[EXERCISE DESCRIPTION] Restate the listing word for word; omit the images.

[INPUT DATA]
----

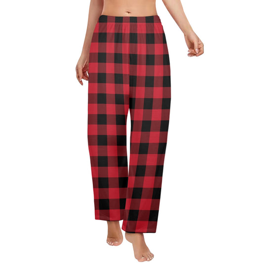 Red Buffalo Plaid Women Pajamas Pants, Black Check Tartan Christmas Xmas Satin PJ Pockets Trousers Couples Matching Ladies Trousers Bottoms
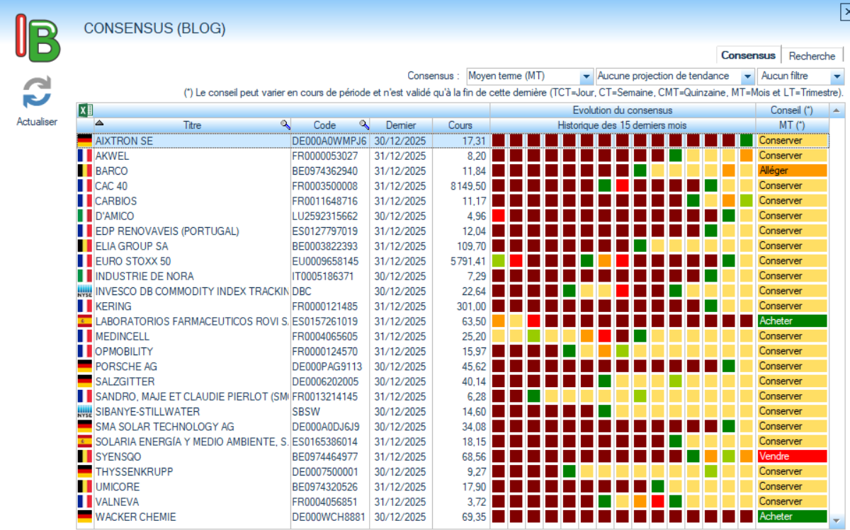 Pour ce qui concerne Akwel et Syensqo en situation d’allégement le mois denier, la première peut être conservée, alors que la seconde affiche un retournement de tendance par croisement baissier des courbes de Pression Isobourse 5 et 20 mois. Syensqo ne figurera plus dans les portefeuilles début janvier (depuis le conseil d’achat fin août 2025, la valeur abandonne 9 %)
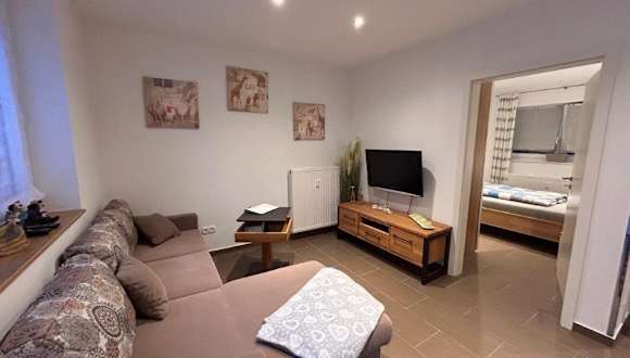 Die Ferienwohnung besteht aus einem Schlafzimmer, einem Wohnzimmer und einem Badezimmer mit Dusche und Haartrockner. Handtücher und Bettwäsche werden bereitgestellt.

----

[ANSWER SECTION]
 Red Buffalo Plaid Women Pajamas Pants, Black Check Tartan Christmas Xmas Satin PJ Pockets Trousers Couples Matching Ladies Trousers Bottoms
 Pour ce qui concerne Akwel et Syensqo en situation d’allégement le mois denier, la première peut être conservée, alors que la seconde affiche un retournement de tendance par croisement baissier des courbes de Pression Isobourse 5 et 20 mois. Syensqo ne figurera plus dans les portefeuilles début janvier (depuis le conseil d’achat fin août 2025, la valeur abandonne 9 %)
 Die Ferienwohnung besteht aus einem Schlafzimmer, einem Wohnzimmer und einem Badezimmer mit Dusche und Haartrockner. Handtücher und Bettwäsche werden bereitgestellt.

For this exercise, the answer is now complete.